» **Aim of the exercise**:
Look below for the line that contains "فرق بين النوعين." and the line that contains "Ütü istemeyen vual", then restate both of them and every line in between, exactly. No picture goes in the copy.

» **Stored data**:

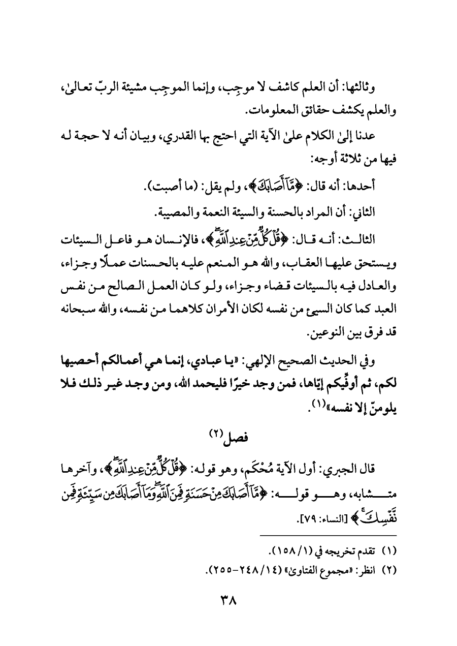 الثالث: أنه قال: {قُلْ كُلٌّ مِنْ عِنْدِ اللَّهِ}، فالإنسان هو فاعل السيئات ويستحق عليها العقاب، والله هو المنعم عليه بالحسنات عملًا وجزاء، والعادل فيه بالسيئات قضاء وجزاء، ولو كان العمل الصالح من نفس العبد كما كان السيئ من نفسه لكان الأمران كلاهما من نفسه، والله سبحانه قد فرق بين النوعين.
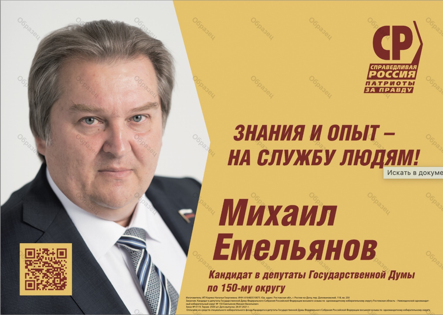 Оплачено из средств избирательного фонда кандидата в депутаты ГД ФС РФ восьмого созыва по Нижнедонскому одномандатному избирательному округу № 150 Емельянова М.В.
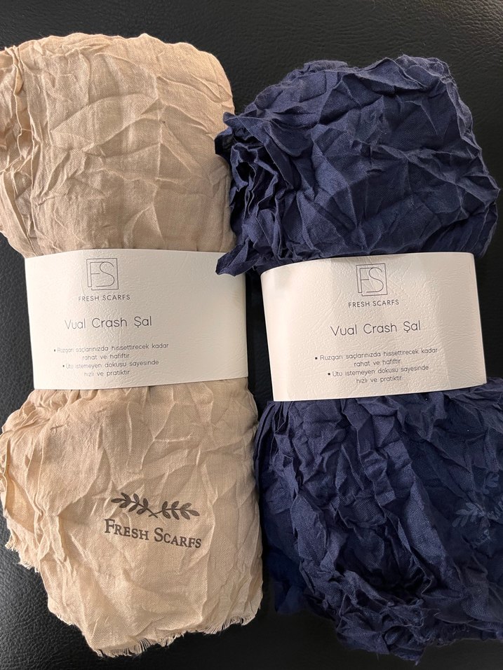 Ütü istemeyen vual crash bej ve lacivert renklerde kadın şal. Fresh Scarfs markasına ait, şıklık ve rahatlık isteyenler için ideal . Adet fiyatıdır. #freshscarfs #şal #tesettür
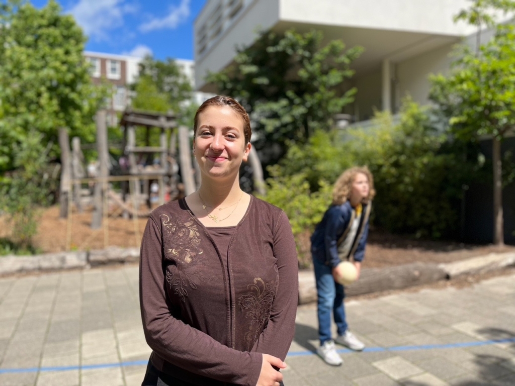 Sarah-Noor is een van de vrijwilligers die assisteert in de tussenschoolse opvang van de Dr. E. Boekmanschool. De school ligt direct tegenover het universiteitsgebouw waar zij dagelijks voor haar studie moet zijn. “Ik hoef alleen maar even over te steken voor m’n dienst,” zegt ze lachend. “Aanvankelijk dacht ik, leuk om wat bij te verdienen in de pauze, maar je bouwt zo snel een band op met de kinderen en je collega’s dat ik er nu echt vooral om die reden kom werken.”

==

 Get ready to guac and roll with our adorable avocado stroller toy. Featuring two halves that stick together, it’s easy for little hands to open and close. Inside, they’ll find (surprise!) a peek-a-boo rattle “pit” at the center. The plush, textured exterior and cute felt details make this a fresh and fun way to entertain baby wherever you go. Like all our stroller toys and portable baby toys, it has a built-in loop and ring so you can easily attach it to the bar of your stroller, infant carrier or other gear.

» **Exercise output**:
 الثالث: أنه قال: {قُلْ كُلٌّ مِنْ عِنْدِ اللَّهِ}، فالإنسان هو فاعل السيئات ويستحق عليها العقاب، والله هو المنعم عليه بالحسنات عملًا وجزاء، والعادل فيه بالسيئات قضاء وجزاء، ولو كان العمل الصالح من نفس العبد كما كان السيئ من نفسه لكان الأمران كلاهما من نفسه، والله سبحانه قد فرق بين النوعين.
 Оплачено из средств избирательного фонда кандидата в депутаты ГД ФС РФ восьмого созыва по Нижнедонскому одномандатному избирательному округу № 150 Емельянова М.В.
 Ütü istemeyen vual crash bej ve lacivert renklerde kadın şal. Fresh Scarfs markasına ait, şıklık ve rahatlık isteyenler için ideal . Adet fiyatıdır. #freshscarfs #şal #tesettür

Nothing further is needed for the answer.